We have lunch together -- sometimes with chicken curry, which is my favorite, and sometimes with Korean barbecue. Sometimes, she prepares salad made from fern leaves and marinated in coconut milk. We talk like giddy airheads about the celebrities we see on the television, gossip about Piolo Pascual, and such and such. Sometimes we scan through old pictures and rummage through a wealth of memories. She remembers her childhood in Bayawan well, and she remembers, too, the travails of her early adult life. Her stories have become the stuff of my very own fiction.
My visits are something I have surprisingly found myself looking forward to doing every week. Perhaps, I tell myself, it is a sign of years slowly edging off the brackets of youth. I am almost 30. In the gravity of adulthood, mothers become strange sources of comfort. We share the same birthday -- August 17 -- and this adds to this connection between us, knowing that we are yoked not just by flesh and blood, but also by the reckoning of our stars.

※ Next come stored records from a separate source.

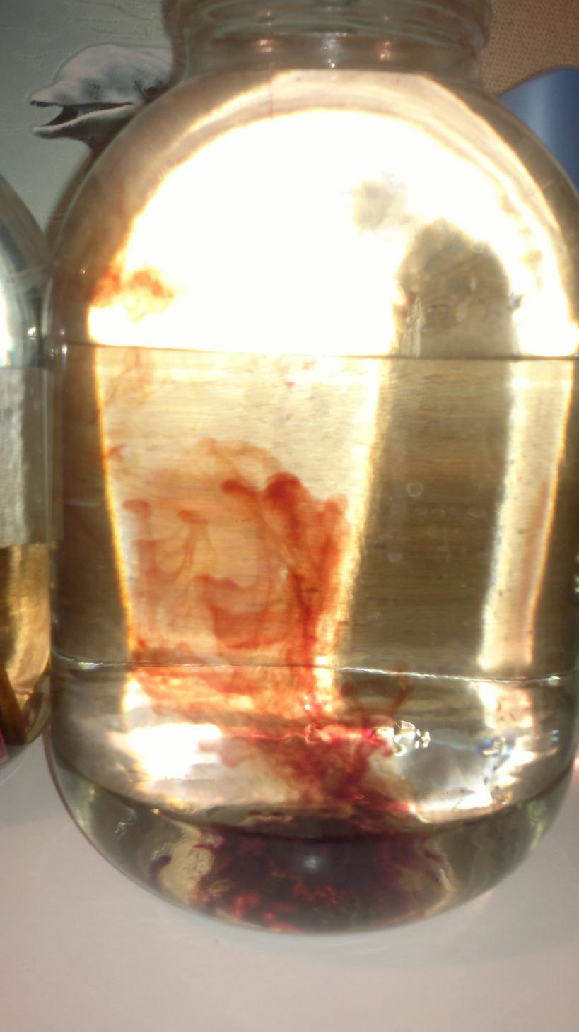 -после перегона сыплю марганцовки, стоит дня 2 выпадают хлопья 1 фото-добавил марганец 2 размешал 3-2 дня выпал осадок. и фильтрация через вату обернутую в бинт.становится чистым - по простому в домашних условия спирт с водой хорошо смешивать так вроде. часть спирта-часть воды. все это дело почти доводится до кипения и смешивается,хорошо встряхивается и на охлаждение(не комнатное)
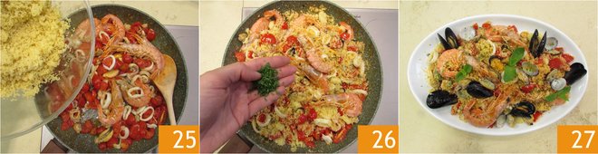 Turn off the heat and add the couscous 25. Mix well to combine all the ingredients, then garnish with chopped mint 26. Your seafood couscous is ready to be enjoyed 27.
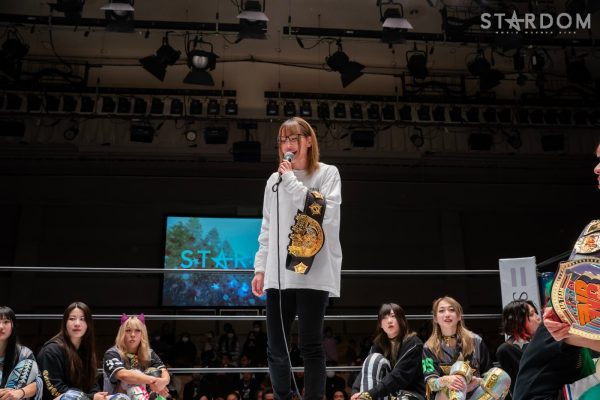 「試合は負けてしまったんですけど、両国で2人とあたるので、そのときたくさんお返ししたいと思います。そして、今日、イッテンヨン、IWGP(女子)挑戦、言わせていただきました。2023年、自分自身動きがなかったというか、たくさん悩んでた部分があって、でも、この一年いろいろ悩んだからこそ、自分の道が見えたというか、やっぱり私は次はIWGP、個人として取りたい。私のこの腰にあのベルト、絶対にほしい、そう決意しました。なのでイッテンヨン、このチャンス必ずつかんで、この腰にあのベルトを巻きます」

She lives in our house somewhere in Piapi, bordering Silliman Village, in a huge compound the parameters of which used to be lined with trees. (Now only the coconut trees are left, but devoid of their fruit, because my brother has complained to the neighbors that the falling coconuts are wrecking havoc on our property.) It's a big house, two-storeys in all, and something she shares with my 80-year old
lola, mother's aunt, who had raised her and my Auntie Fannie when they were girls growing up in the backwaters of old Bayawan.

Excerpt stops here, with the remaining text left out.